If you got a suspicious email from me, please don't open it, or worse click on the attachments/links.. :w00t:

Funny thing is it happened to a friend in Canada as well, a couple of days before. I hadn't heard from her for ages, so I don't think it's linked.
 

jonf

Well-Known Member
Messages
3,680
Happened to me a while ago. My anti-virus software didn't get it. I cleaned up using Malwarebytes and changed my password to a new, stronger one.
 

kevgermany

ex Landrover Nut
Subscriber
Messages
21,947
Well, for what it's worth - I sent an email to all the addresses in my mailing list, saying I'd been hacked. I got the usual replies. And one from ebay's spoof mail service.... Saying my warning was a phishing scam..

So just what do ebay actually do with the bad stuff you send them?
 

JasonC

Member
Messages
217
Hotmail accounts are hacked all the time, pretty much all of my friends accounts have been hacked and I've had dodgy emails from them all! I would recommend a Gmail account instead and enable 2-step verification, it is far more secure. Also make sure when you use your accounts (if you use the web based interface) that the address begins with HTTPS, with the S being the important bit.

Hope this helps, although a little late :)
 

Dave McLaughlin

Sesquipedalian
Subscriber
Messages
305
You should also be aware that there are some types of malware that search through a user's address book on an infected machine and send emails to addresses in that book, but forge the headers to make the email appear to come from another address in the book. If that happens, it's not the person whose email appears in the From: field that has the malware at all. These things were quite common a few years ago, but I've been seeing some evidence of them again in the past few weeks.
 

kevgermany

ex Landrover Nut
Subscriber
Messages
21,947
That S is a really good tip, Thanks for highlighting it Jason. not too sure I want to go with gmail. As admin on another web site, as well as here, I'll mention that most of our spammers have gmail addresses - and someone signing up with a gmail address has to do a lot of convincing for me to let them in...
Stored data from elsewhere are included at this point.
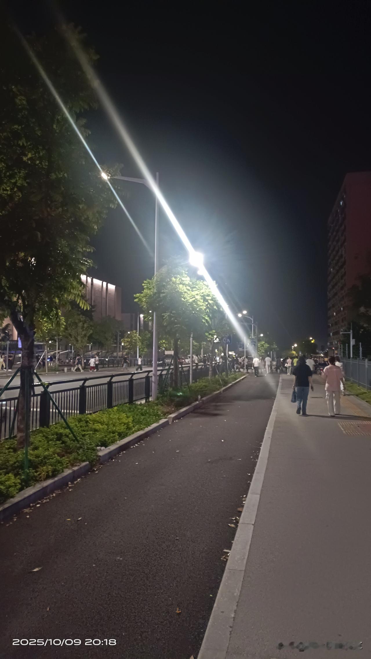 广州知识城下班路上最新现状实拍: 晚上八点钟很多厂的员工开始下班了,可见路上员工朋友们正走在下班回家的路上,每次从车间走出来走到工厂大门外,总感觉浑身很放松,从紧张的工作氛围中一下子解脱了出来,就连迎面吹过来的一丝丝微风都感觉是甜的。 走着走着忽然间发现今晚的地摊宵夜市场都被统一安排到旁边的那条路上了,旁边的那条路原来一个人都没有,今晚上就像逛市场一样,人来人往,消费群体基本都是附近工厂的员工。而每天下班回家的这条路今天很通畅,也清静了许多,没有了往日熙熙攘攘的景象,感觉也不错。这样的安排既解决了占道经营问题又解决了民生问题,一举两得。 拍摄于2025.10.9/20:20黄埔知识城
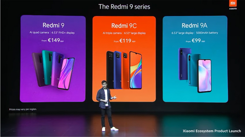 레드미9의 경우 사양은 6.53인치 화면에 해상도 2340×1080을 지원하며 칩셋은 미디어텍 헤일로90, 카메라는 1,300만 화소에 800만, 500만, 200만 화소 쿼드 카메라를 후면에 달았고 전면은 800만 화소다. 배터리 용량은 5,020mAh. 램 3GB와 롬 32GB 기준 가격은 149유로다.
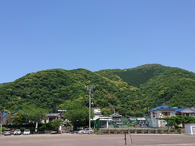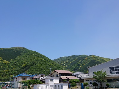 本日も五月晴れのよい天気です。学校北側は新緑の山々です。
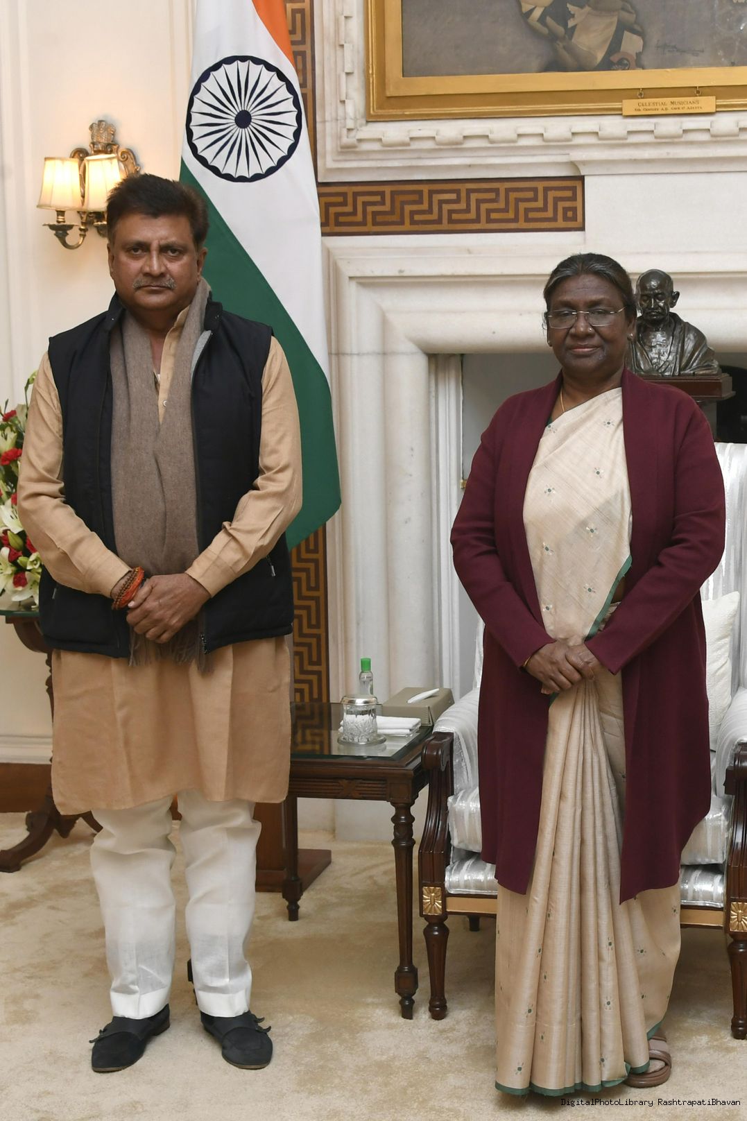 Shri Ganesh Singh, MP (LS) meeting with the President of India Smt. Droupadi Murmu at Rashtrapati Bhavan on January 09, 2023.

Thanks dave, good point and I've been hit by that one in the past as well. B....s were spamming me, as well as others, from one of my addresses, and I ended up with a banned account in many places.... Took some sorting out... The hotmail hack this time didn't spoof the headers, and the spams were nicely copied into my sent folder.
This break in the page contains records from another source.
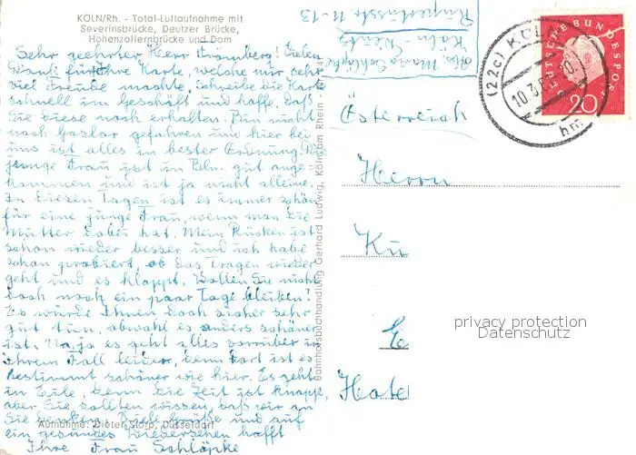 73801211 Koeln__Rhein Severinbruecke Deutzer Bruecke Hohenzollernbruecke und Dom postalisch gelaufen 1961 Fliegeraufnahme Erhaltung siehe scans [WerneD78] Fliegeraufnahme[WernPID7 ]
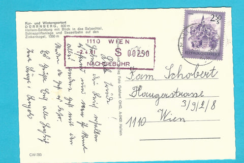 AK Kur- und Wintersportort Dürrnberg. Gelaufen. Großformat. Verlag: Gebhart. Nummeriert: CW 785. Zustand: linkes oberes Eck geknickt.
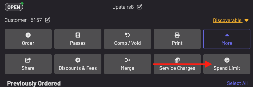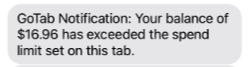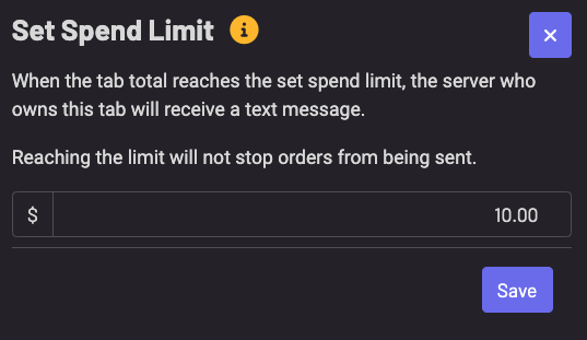 You can set a spend limit on a tab to notify the server when the limit is hit. The spend limit will not stop orders from being sent. For a server to receive a text about the spend limit, they must have the contact: spend limit permission and be an unrestricted user.

I still want to know how they got hold of my password, though....
 

JasonC

Member
Messages
217
I get your point about spammers using Gmail addresses but, surely the same can be said for any free email account? anyone can set up a hotmail, yahoo account etc. As it happens I use a paid for Gmail account with my own domain name as the address, so this might be worth looking at instead of the free one, it takes a little more setting up though.

If you do a search on the web you'll find there are many resources for hacking a hotmail account, it's fairly easy to do, and easy to grab peoples passwords from just the browser source, that's if someone has access to your PC of course. Or it could just be a simple keylogger that is logging every key you press on the keyboard, these are very easy to distribute to people to steal information such as passwords! These keyloggers are not always detected by anti-virus etc software, so it's worth checking your's does.
 

kevgermany

ex Landrover Nut
Subscriber
Messages
21,947
hmmmm - how would someone have access to my pc? I'm sitting behind a firewall on the router, another firewall on the machines..... And two different AV programs prgs pronounced the machine clean. But it's the keyloggers that worry me the most......
 

JasonC

Member
Messages
217
I don't know what it is with the forum today but I've just had to type everything twice as it keeps losing my post!

Anyway... I didn't mean access to your computer remotely, I meant access to your physical computer, you might have a laptop using it somewhere else where someone can use it.

Keyloggers are a pain, you can also get screenloggers! but using 2-step authentication get's around this because it requires you to have mobile phone which creates a code that can only be used once, obviously if someone has access to your phone and computer then your stuffed! but its an additional level that makes it harder for hackers.
 

Sweet Dreamer

Senior Member
Messages
505
I recently heard a conversation on NPR radio. I don't recall the show or precise details, but they were talking about Internet security and various ways that people can access your information.

Like I say, I didn't catch the precise details, but it goes something like this:

If you are using a browser and you have more than one tab or window open, sites that you access in one window or tab can actually have access to cookies and information that's going on in other tabs or windows.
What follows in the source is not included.